Юность - Рюрик Ивнев 13 стр.


Ваш Вл. Ольховин».

Боря перечитывает письмо, откладывает в сторону, смотрит в окно, на белую набережную. В душе какая-то обида, неясная боль. Почему все это так? Почему так глупо все устроено? Эти хитрости, обманы, осторожность. Владимир Александрович очень нравится, но приходится забыть, просто отказаться от него. Ведь теперь после встречи у фон Корн нельзя назначать свидание. Все обнаружится сразу. Или назначать?
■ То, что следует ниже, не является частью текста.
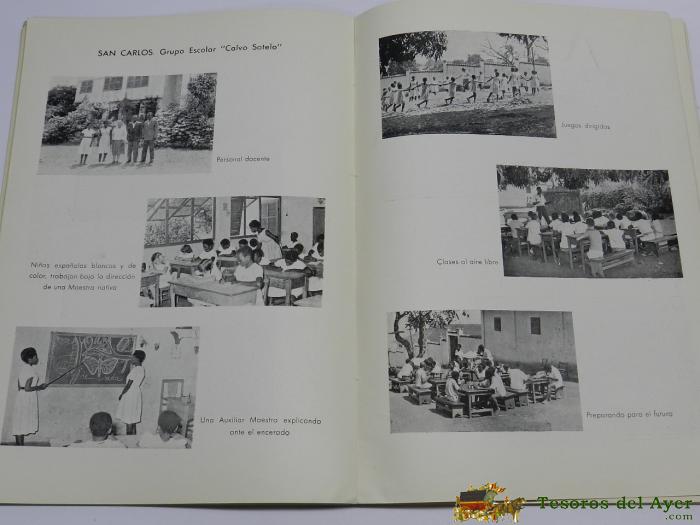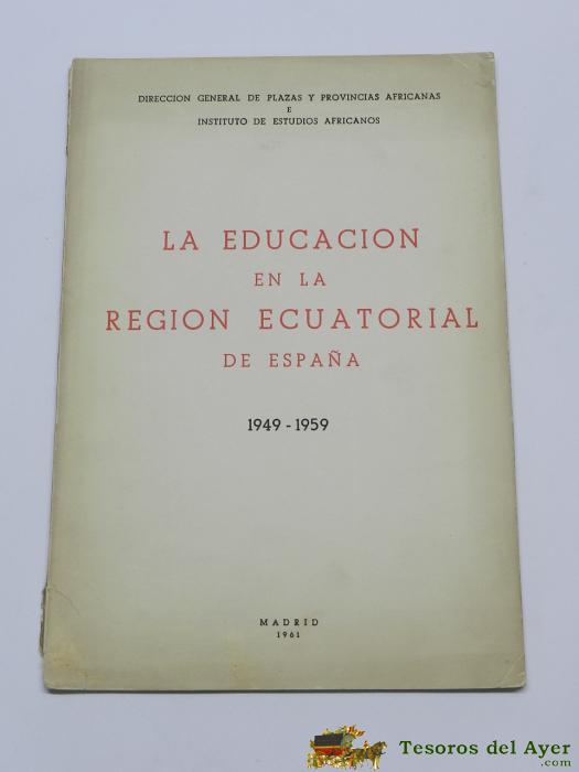 LA EDUCACION EN LA REGION ECUATORIAL DE ESPAÑA - DIRECCION GENERAL DE PLAZAS Y PROVINCIAS AFRICANAS. EDITORIAL : INST. ESTUD. AFRICANOS. MADRID. MIDE 31 X 22 CMS. AÑO 1961 - 1ª EDICION - 90 PAG. CON MUCHISIMAS FOTOGRAFIAS DE ESCUELAS DE RIO MUNI, BATA, SANTA ISABEL, ILUSTRADO CON VARIAS LAMINAS DE GOMáN 60.

Рискнуть?

У Бори мигрень. Неприятное ощущение во рту. Какая-то слабость. Если бы можно было рассказать Вере, поговорить с ней, но нет, об этом с ней нельзя. Кто-то стучится в дверь.

— Войдите.

Вбегает Вера.

— У меня Ксения Эразмовна. Боби, выходи. Нечего перед зеркалом вертеться, и так хорошо.
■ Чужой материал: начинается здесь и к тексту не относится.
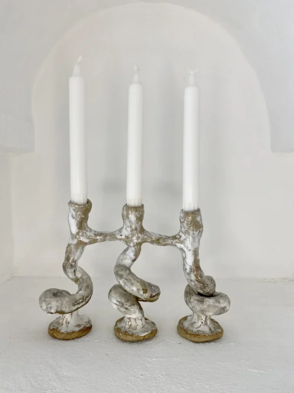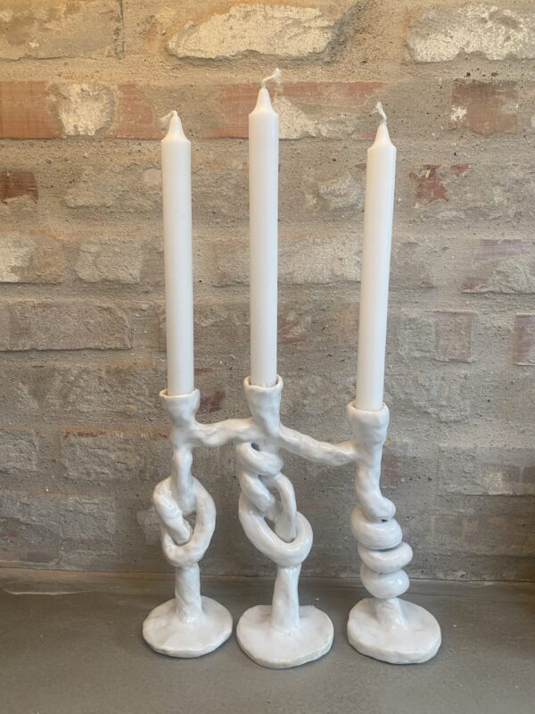 Trearmet Lysestage – Skulptur ler med hvid glasur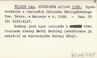 WOLNIK Jan HUBISCHTA, Alfred. ; 1909 Sprawozdanie z czynności Oddziału Babogórskiego Tow. Tatrz. w Makowie w r. 1908.

В Вериной комнате, убранной по ее вкусу, очень уютной, но без лишних вещей, как-то особенно приятно. Ксения Эразмовна в кресле, у письменного стола.

— Здравствуйте, философ.

— Почему она меня называет философом? Это, вероятно, после того ужасного вечера, когда я так позорно провалил роль кавалера длинношеей девицы.

— Да, я больше дома. Теперь занимаюсь усиленно, весной экзамены.
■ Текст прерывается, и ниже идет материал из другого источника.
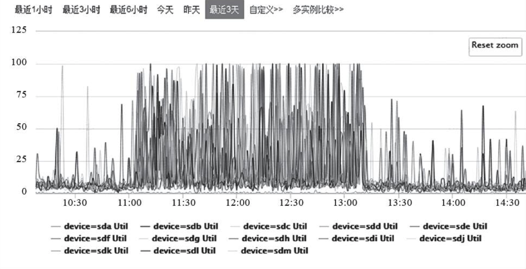 指标监控分析。很多问题都可以直接在监控界面上直观地找到答案。比如业务反馈在某一时刻后读延迟变得非常高。第一反应是去查看系统IO、CPU或者带宽是不是有任何异常,如果看到IO利用率在对应时间点变得异常高,就基本可以确认读性能下降就是由此导致。虽说IO利用率不是本质原因,但这是问题链上的 重要一环,接下来探究为什么IO利用率在对应时间点异常。

— Ах, да, вы знаете, что сердце вы покорили.

— Я?

— Эдуарда Францевича. Он в восторге от вас, так расхваливал. Что же вы молчите? Отчего вы ваших достоинств нам не откроете.

— У меня нет достоинств. Я только пикировался с Верочкой, ему должно быть понравилась эта пикировка.

— Ах, глупыш, ты поверил. Ксения Эразмовна шутит.

— Нет, я не шучу.

Вера вздрагивает.

— А мне ничего Эдуард Францевич про Борю не говорил.

— Вы встречались с Эдуардом Францевичем?

— Да, в театре.

— Ваша сестра скоро вернется?

— Да, я даже не заметил, как она ушла. Она должна быть, во всяком случае, скоро.

— Как здесь мило.

— Да, Верочка умеет как-то устраиваться. А вот моя. У меня хуже, т. е. безалабернее, но я люблю вот это окно. Когда решаешь какой-нибудь вопрос или что-нибудь неприятное, здесь так легко, смотреть на набережную (а весной должно быть еще лучше), как-то успокаиваешься.

— Ах, у вас есть вопросы «неприятные»?

— Почему же у меня не может быть? Это было бы счастливое исключение.

— Но вы так молоды.

— Ах, в молодости все бывает сильнее.

Эдуард Францевич смеется:

— Ах, это хорошо, в молодости все бывает сильнее.

— Но ведь и вы…

— Да, но… Кстати, вы были первый раз у фон Корн?

— В первый.

— Кто же вам больше всех понравился?

— Мне? (Боре хочется сказать откровенно, прямо, но он не решается.) — Не помню. Я ведь не…

— Не?

— Не помню.

— Ах, какой вы скрытный. Впрочем, это скорее плюс.

Пауза.

— Мне говорила Ксения Эразмовна, что вы меня расхваливали.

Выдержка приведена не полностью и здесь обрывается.